**Your objective**
Write each entry out again verbatim, pictures excluded.

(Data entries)
--------------------------------------------------

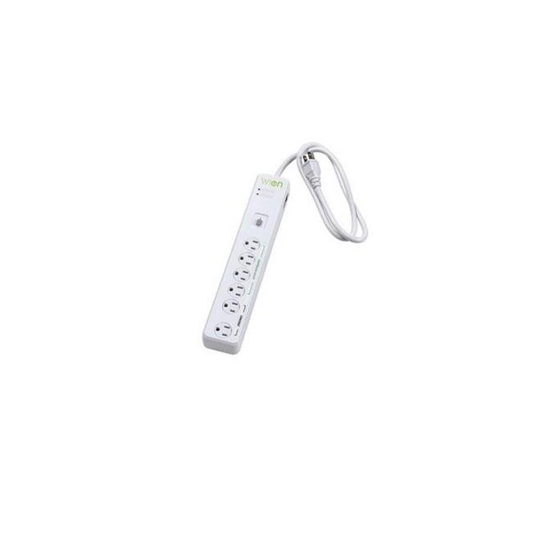 WiOn Indoor Wi-Fi Surge Protector, with 900 joules of protection. 4-outlets are Wi-Fi are controlled by your smart device and 2-outlets are always on, or controlled by the master switch. Features 3 foot cord, sliding safety covers, surge protection indicator, ground indicator and lit reset On/Off power/15A circuit breaker switch. Turn on or off your lights or electronics with your Smartphone or tablet from anywhere. Connect up to 12 Wi-Fi outlets to your smart device. Program devices to turn on or shut off at specific times, with to-the-minute accuracy, and programmable for weekdays, weekends, or every day; up to 12 on/off settings per day. Unique timer functions like, Sun Tracker Technology, can turn on or off at sunset or sunrise, countdown mode, can turn off after selected time, or random settings, can turn lights on and off periodically to give your home a lived in look. Manual override allows you to take immediate, standard control.
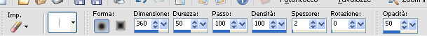 16. Attiva lo strumento Gomma con i seguenti settaggi.
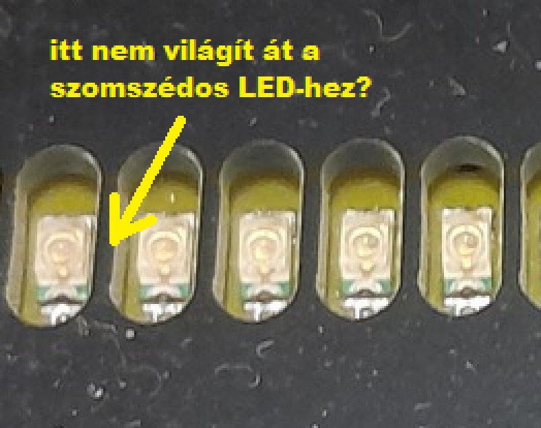 Mi azt ( profiberenedezés 48 lapos LEDdel) , hogy a LEDek közé harmonika szerüen egy 5 mm széles vékony fekete müanyagszalagot (filmet) huztak be hölgyek.
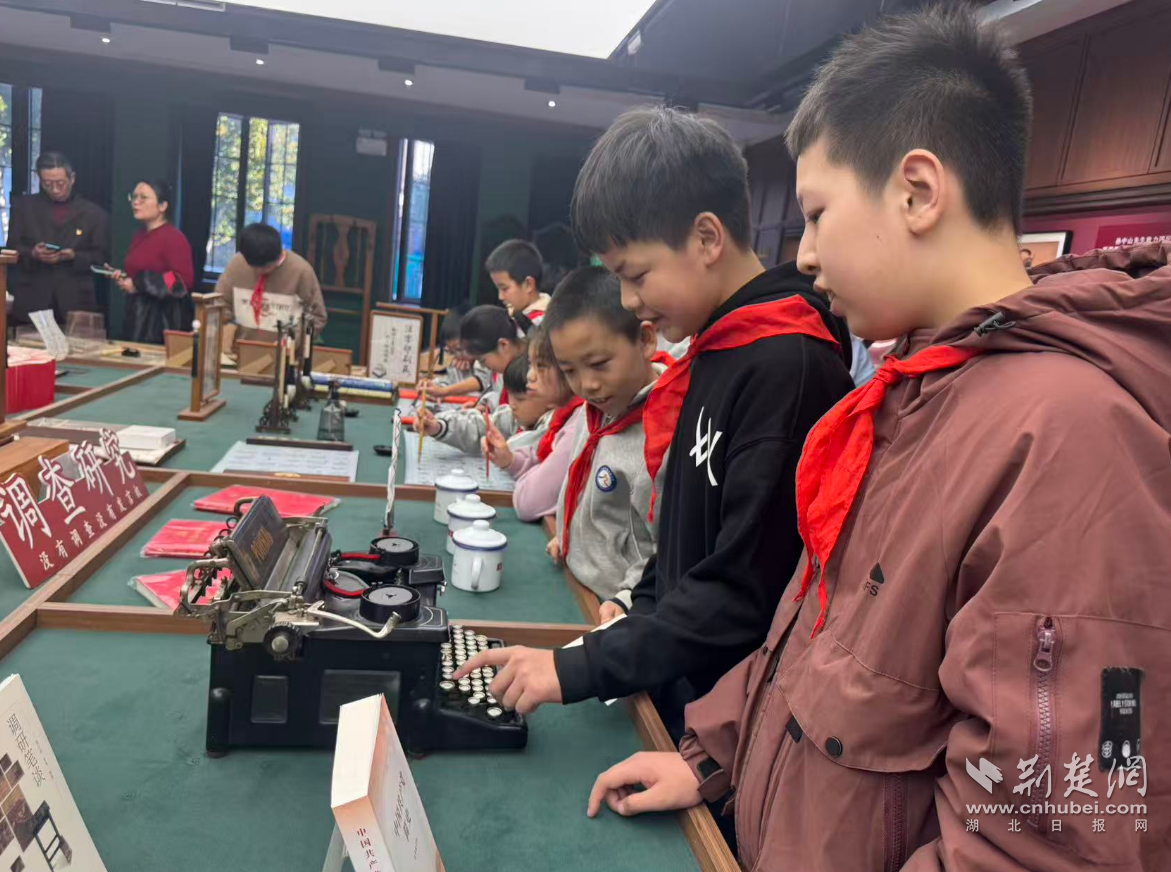体验区里,红色氛围愈发鲜活:少先队员们拿起毛笔,在仿旧宣纸上临摹《沁园春·雪》等红色诗词,一笔一划间感受文字里的磅礴情怀;拓印台前,大家认真操作工具复刻革命老照片,当黑白影像逐渐清晰,仿佛与先辈岁月完成跨时空对话;老式电报机旁,少年们好奇地按下按键,在“滴滴答答”的模拟声中,体会革命年代通讯的艰辛与信仰的坚定。
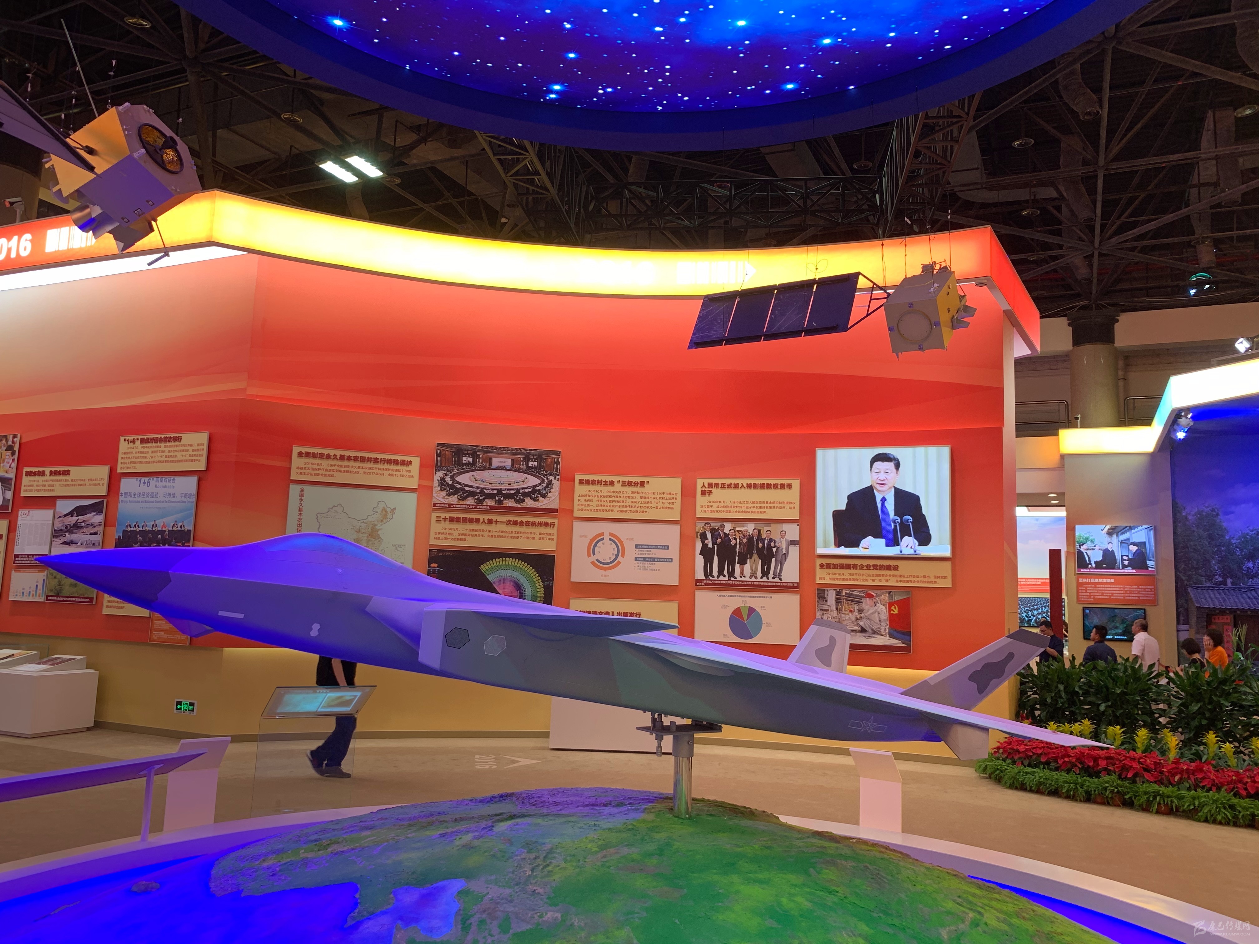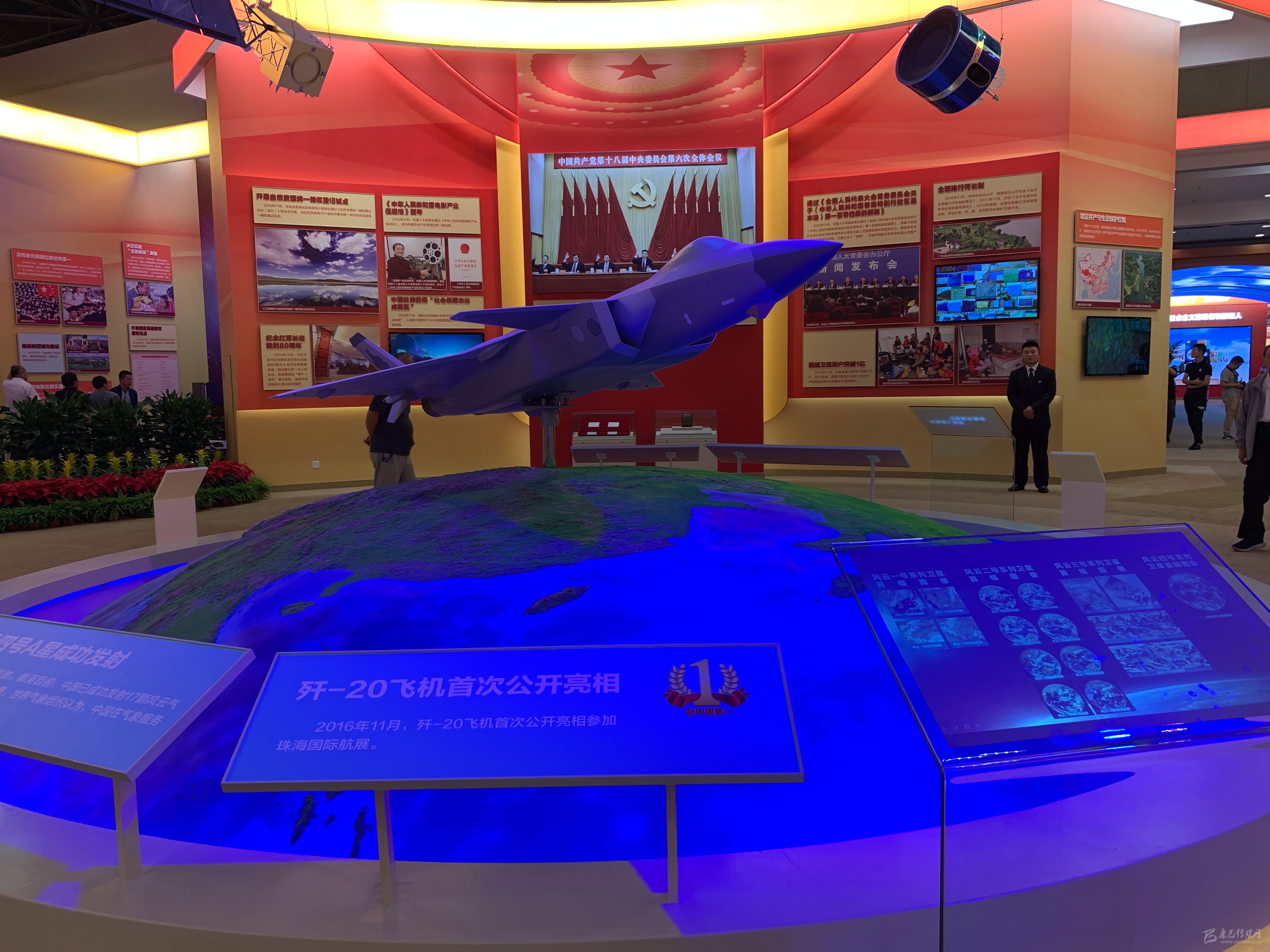 此次展覽中,殲-20戰(zhàn)斗機以獨立模型的方式展出。

--------------------------------------------------

**Answer below**
 WiOn Indoor Wi-Fi Surge Protector, with 900 joules of protection. 4-outlets are Wi-Fi are controlled by your smart device and 2-outlets are always on, or controlled by the master switch. Features 3 foot cord, sliding safety covers, surge protection indicator, ground indicator and lit reset On/Off power/15A circuit breaker switch. Turn on or off your lights or electronics with your Smartphone or tablet from anywhere. Connect up to 12 Wi-Fi outlets to your smart device. Program devices to turn on or shut off at specific times, with to-the-minute accuracy, and programmable for weekdays, weekends, or every day; up to 12 on/off settings per day. Unique timer functions like, Sun Tracker Technology, can turn on or off at sunset or sunrise, countdown mode, can turn off after selected time, or random settings, can turn lights on and off periodically to give your home a lived in look. Manual override allows you to take immediate, standard control.
 16. Attiva lo strumento Gomma con i seguenti settaggi.
 Mi azt ( profiberenedezés 48 lapos LEDdel) , hogy a LEDek közé harmonika szerüen egy 5 mm széles vékony fekete müanyagszalagot (filmet) huztak be hölgyek.
体验区里,红色氛围愈发鲜活:少先队员们拿起毛笔,在仿旧宣纸上临摹《沁园春·雪》等红色诗词,一笔一划间感受文字里的磅礴情怀;拓印台前,大家认真操作工具复刻革命老照片,当黑白影像逐渐清晰,仿佛与先辈岁月完成跨时空对话;老式电报机旁,少年们好奇地按下按键,在“滴滴答答”的模拟声中,体会革命年代通讯的艰辛与信仰的坚定。
 此次展覽中,殲-20戰(zhàn)斗機以獨立模型的方式展出。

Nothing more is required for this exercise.